Fukushima Radiation Coming Soon to a Coastline Near You
It turns out the Japanese are not the only ones worried about radiation exposure one year after the Fukushima Dai-ichi nuclear plants flooded and melted down. Californians are now number two on the list.
Such worries have pushed many in Japan into the arms of hucksters pushing instant “cures,” so far debunked.
“Still, with elevated levels of radiation showing up in everything from beef and rice to fertilizer and concrete, anxious Japanese want to know what exactly is building up in their bodies”
A pair of new studies, from the National Academy of Sciences and the Journal of Environmental Science and Technology, question just how dangerous the radioactivity is while simultaneously making clear that the impacts of the accident on human and marine life are spreading across the Pacific Rim.
Highlights from the two studies:
1. Scientists now say that concentrations of radioactive cesium in marine life are higher farther away from Japan’s coast than near it, by as much 100 to 1,000 times.

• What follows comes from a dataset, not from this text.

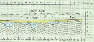 downstream dykes at points No. 11, 18 and 23, as see on the longitudinal profile on the right. The longitudinal profile shows that the sand is 3.0 m deep at point No. 14 and 1.75 m deep at point No. 21. Since both places are holding water 7 months after the last rain they are the best extraction points in that part of Mwiwe riverbed. The next phase in surveying the riverbed was to probe across at point No. 17 in order to learn of the volume of the depression and its water yielding capacity. |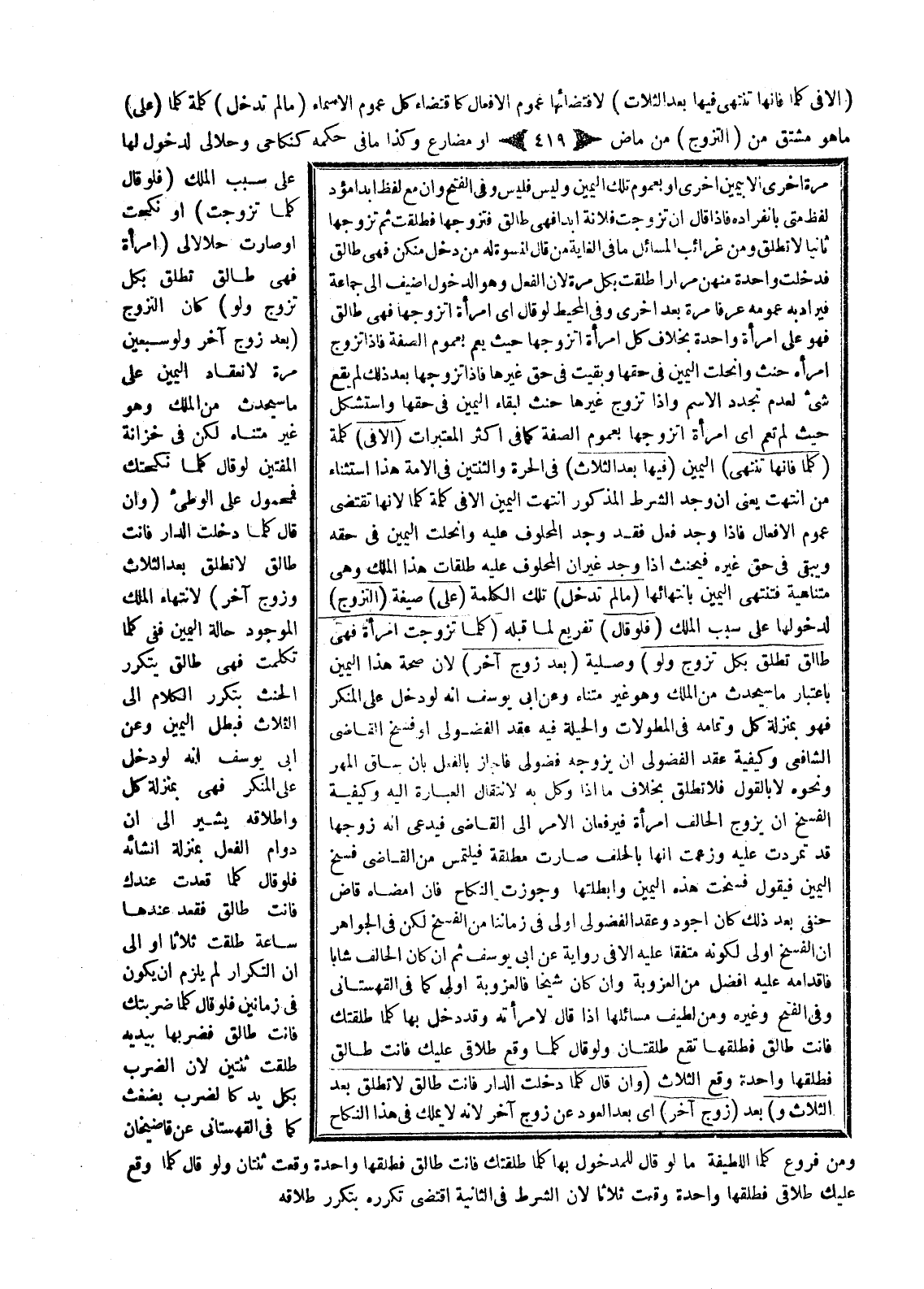 (وَإِنْ قَالَ كُلَّمَا دَخَلْت الدَّارَ فَأَنْتِ طَالِقٌ لَا تَطْلُقْ بَعْدَ الثَّلَاثِ وَ) بَعْدَ (زَوْجٍ آخَرَ) أَيْ بَعْدَ الْعَوْدِ عَنْ زَوْجٍ آخَرَ؛ لِأَنَّهُ لَا يَمْلِكُ فِي هَذَا النِّكَاحِ

2. At the same time seaweed along California’s coastline is already measuring 500 times higher in radioactive iodine.
3. Government monitoring stations in Anaheim have recorded new highs of airborne concentrations of the same element.
4. Since the Japanese have burned much of the materials made radioactive by the meltdown, rather than disposing of or burying it, “radioactive rain” is already falling across the Pacific.
5. That giant mass of seaborne flotsam/jetsam resulting from the 2011 tsunami is said to be composed largely of non-biodegradable plastics that will most likely have longer-term effects on humans and the marine ecosystem than nuclear radiation.
While the NAS study, conducted by scientists from the Woods Hole Oceanographic Institution, found radioactivity in zooplankton, tiny crustaceans, shrimp, and fish, it says the levels were below what is allowed in food in Japan.
Its authors also suggest that the risk of swimming in the waters off the coast of Japan are extremely minimal given the evidence that artificially-produced radionuclides near the shoreline are no higher than the levels of naturally produced ones.
Still, with elevated levels of radiation showing up in everything from beef and rice to fertilizer and concrete, anxious Japanese want to know what exactly is building up in their bodies. A rash of curatives have found their way to the marketplace in Japan (coming soon to California!).
According to a story in The Wall Street Journal, many of these faux treatments are rightfully being questioned by authorities:
* One company claims that for $100 it can measure an individual’s internal radiation accumulation using a machine that reads “electromagnetic aura” from snips of hair.
* Another advertises a suit that can allegedly help wearers “sweat out” radiation; the government has dubbed the process “suspect.”
* Japan’s consumer-watchdog agency has also questioned bathtubs selling for $6,500 that propose to “suck radiation out.”
* A plethora of homeopathic remedies have been advertised, and questioned, as has the process of X-raying your drinking water. “X-rays are just light,” said one critic, “even after the process, what you’re left with is just…water.”